On youth, dissent and disobedience

    Hindsight offers cowards the chance to celebrate history, writes AZAD ESSA. 

    Today, we celebrate the zest of the youth of 1976 as though they were celebrated then at every turn; as if their impatience was met with universal aplomb. We imagine they said all the right things, walked a pious path, burnt nothing but their demons.

    We have chosen to remember 1976 as “a moment”, rather than a complex series of events that encountered resistance, mockery and ultimately, appropriation. And there is an unmistakable violence in hailing 16 June 1976 as that tremendous moment of courage and change.

    The scale of the Soweto protests, the hurt and anxiety that parents felt for their teenage children protesting against Afrikaans being enforced as a medium of instructions at their schools, is not often told. The protests were not universally accepted. There were objections to the protest, often from parents themselves. And the answers at the time were certainly not as obvious as they may appear today.

    The youth of 1976 were in themselves a story of anger, incessant restlessness and broken dreams. The young were fighting to dislodge merely one peg among the many others holding up the sheet of apartheid in the winds of discontent. They knew the oppression had to end, and they acted to end it. They just didn’t know when it would end.

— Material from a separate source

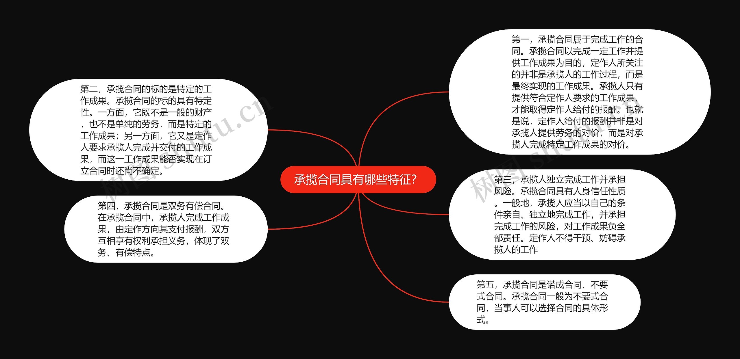 第二,承揽合同的标的是特定的工作成果。承揽合同的标的具有特定性。一方面,它既不是一般的财产,也不是单纯的劳务,而是特定的工作成果;另一方面,它又是定作人要求承揽人完成并交付的工作成果,而这一工作成果能否实现在订立合同时还尚不确定。

    But memories fade. And, memory itself is an intricate weaving of personal and public images. It is varied. And it is textured.

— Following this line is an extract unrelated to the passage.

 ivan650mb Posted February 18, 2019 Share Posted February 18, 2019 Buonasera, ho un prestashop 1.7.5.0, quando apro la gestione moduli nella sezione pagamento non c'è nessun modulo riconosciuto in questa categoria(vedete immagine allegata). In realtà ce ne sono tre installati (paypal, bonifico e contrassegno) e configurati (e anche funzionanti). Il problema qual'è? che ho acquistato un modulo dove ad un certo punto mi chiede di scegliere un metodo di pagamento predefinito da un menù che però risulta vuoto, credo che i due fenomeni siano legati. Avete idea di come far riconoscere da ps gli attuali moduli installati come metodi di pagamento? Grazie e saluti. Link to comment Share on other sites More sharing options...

    The reality, of course, is an anomalous mix of resistance, mobilisation and chaos.

    It is difficult to compare and contrast apartheid to present-day South Africa where the youth of today are finding their voice, viciously turning tables over and mocking the status quo. Unlike their elder siblings, or young parents, their patience has run [dropcap][/dropcap]out. They demand change. And it might seem incongruous to some, but the stats don’t lie.

    Young South Africans between 18-34 are most impacted by unemployment, most likely to get caught up in drug addiction, most likely to be robbed, most vulnerable to committing suicide and for young women, even in the year 2016, they remain most vulnerable to contracting HIV.

    Free young men and women they might be at the surface, the legacies of the past press their ankles into shackles.

    Youth, after all, is a season that must come to pass.

    It is in the carelessness and curiosity of youth that we stand our best chance to change the world, before they, too, must pay rent. If we are going to celebrate youth, we will have to accept its arrogance, and allow the idealism to curate solutions; step out and interment the status quo. For as long as we treat the young as too “idealistic” to enter politics, as too much of an activist to enter the media and challenge storytelling, and too brash for civil society, we will remain broken societies.

    The ceremony around the annual remembrance of June 16 1976 does not right the wrong of our past, but it also does not absolve us from the responsibility to tell the story properly. Without identifying the lessons we have learned, remembrance is as good as a free t-shirt at a sponsored rally.